▼

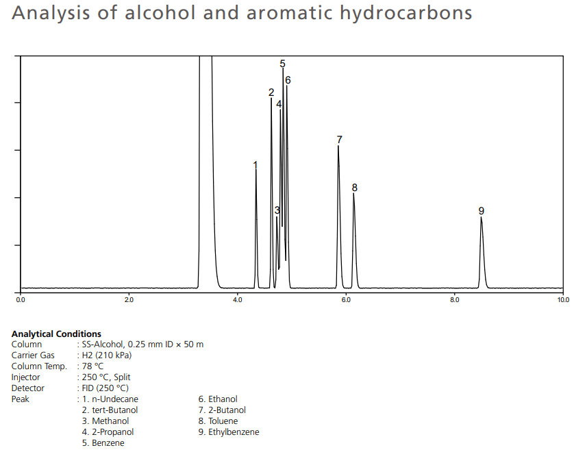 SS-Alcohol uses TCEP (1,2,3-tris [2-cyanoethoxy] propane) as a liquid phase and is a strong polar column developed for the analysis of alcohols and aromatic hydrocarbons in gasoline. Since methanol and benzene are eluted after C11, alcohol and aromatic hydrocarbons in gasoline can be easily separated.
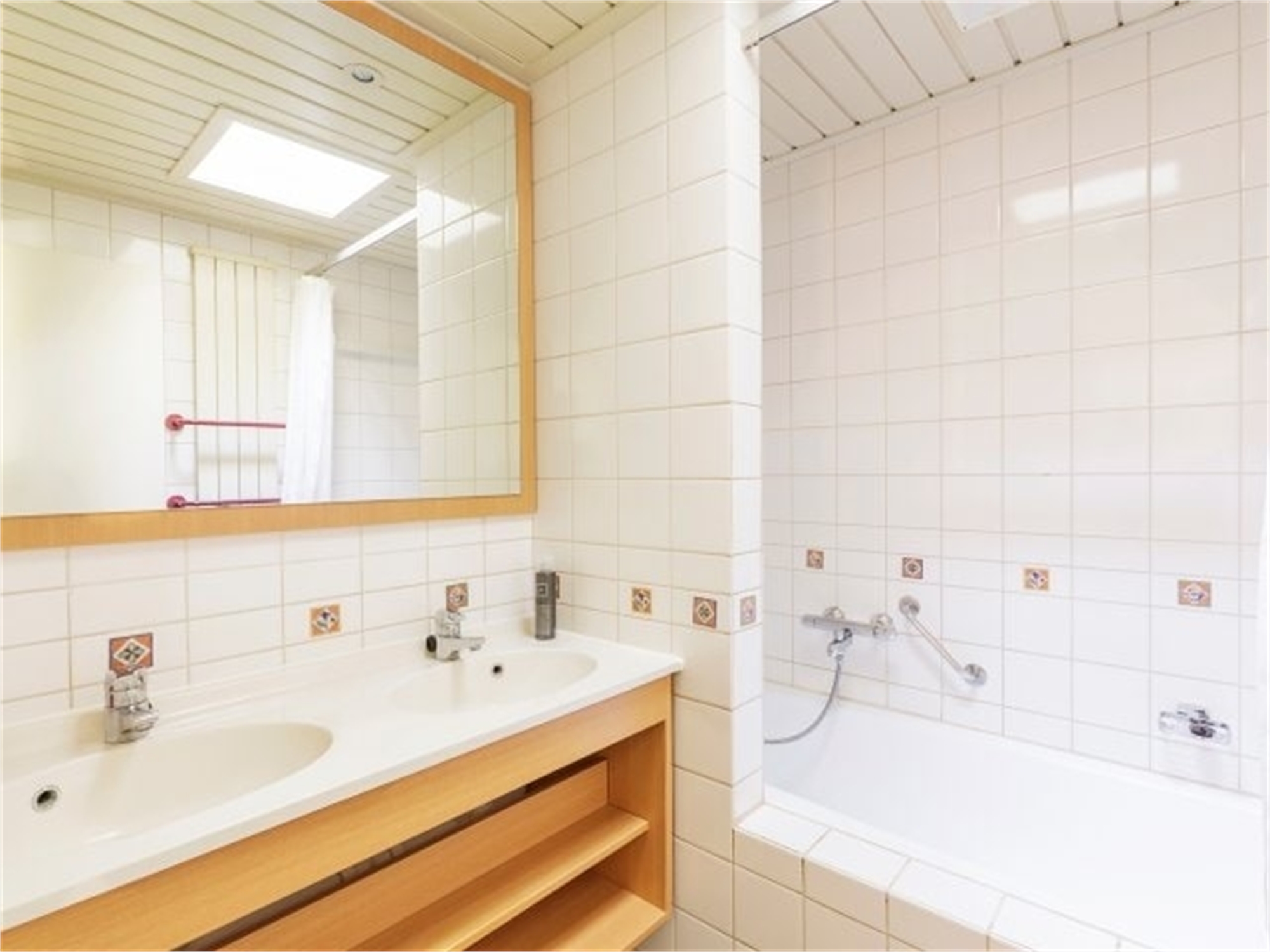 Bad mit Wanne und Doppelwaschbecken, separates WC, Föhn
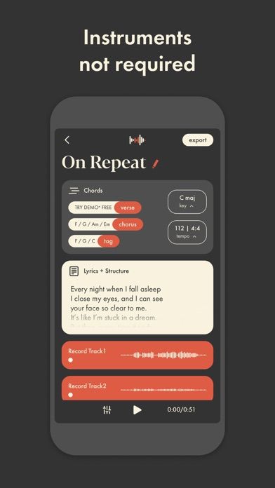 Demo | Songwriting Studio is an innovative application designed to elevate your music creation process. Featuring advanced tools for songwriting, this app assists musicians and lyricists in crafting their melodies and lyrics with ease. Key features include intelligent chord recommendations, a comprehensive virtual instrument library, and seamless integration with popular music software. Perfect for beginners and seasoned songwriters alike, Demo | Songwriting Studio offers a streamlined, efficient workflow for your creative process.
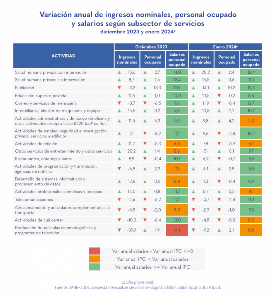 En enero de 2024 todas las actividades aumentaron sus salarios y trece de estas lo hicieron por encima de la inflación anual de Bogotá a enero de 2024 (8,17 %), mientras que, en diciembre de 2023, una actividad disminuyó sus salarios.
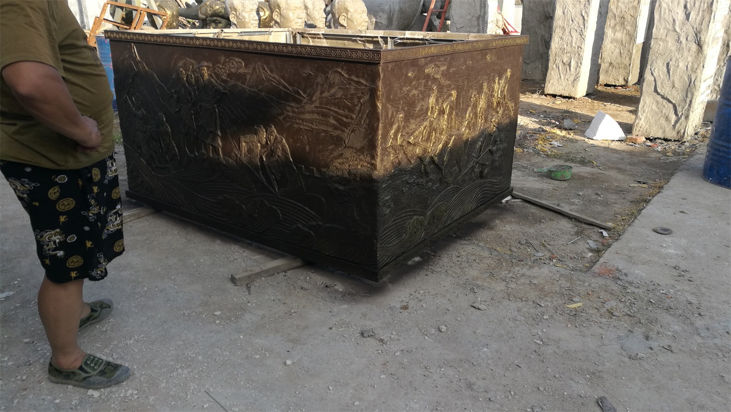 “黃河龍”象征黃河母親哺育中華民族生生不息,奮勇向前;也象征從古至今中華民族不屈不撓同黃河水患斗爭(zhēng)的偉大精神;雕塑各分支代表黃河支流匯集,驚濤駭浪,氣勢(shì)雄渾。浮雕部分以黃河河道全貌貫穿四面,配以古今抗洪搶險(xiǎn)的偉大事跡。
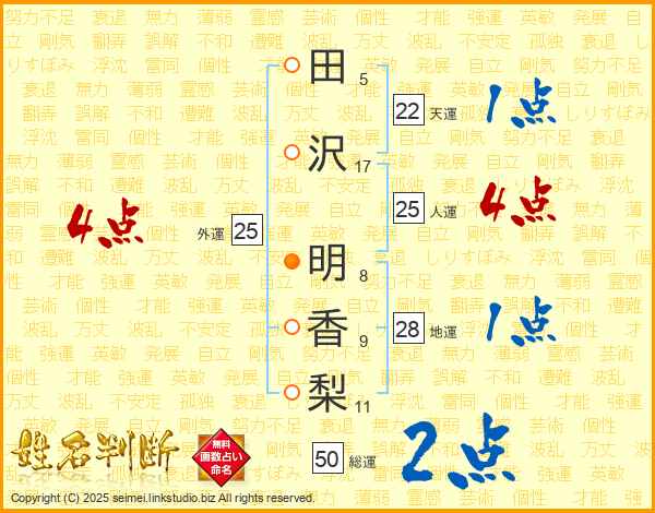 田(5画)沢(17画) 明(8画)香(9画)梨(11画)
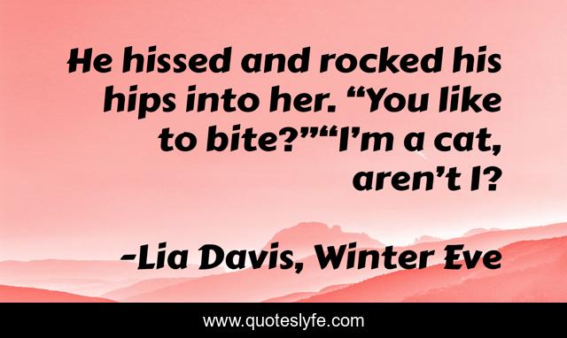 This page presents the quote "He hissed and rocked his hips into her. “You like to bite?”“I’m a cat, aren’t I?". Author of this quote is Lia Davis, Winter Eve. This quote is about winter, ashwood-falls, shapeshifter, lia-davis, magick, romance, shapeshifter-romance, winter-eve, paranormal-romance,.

▲

Activity
Return the lines exactly as they stand, from the start of the entries through the line holding "Bad mit Wanne"; omit the pictures.

Written response
 SS-Alcohol uses TCEP (1,2,3-tris [2-cyanoethoxy] propane) as a liquid phase and is a strong polar column developed for the analysis of alcohols and aromatic hydrocarbons in gasoline. Since methanol and benzene are eluted after C11, alcohol and aromatic hydrocarbons in gasoline can be easily separated.
 Bad mit Wanne und Doppelwaschbecken, separates WC, Föhn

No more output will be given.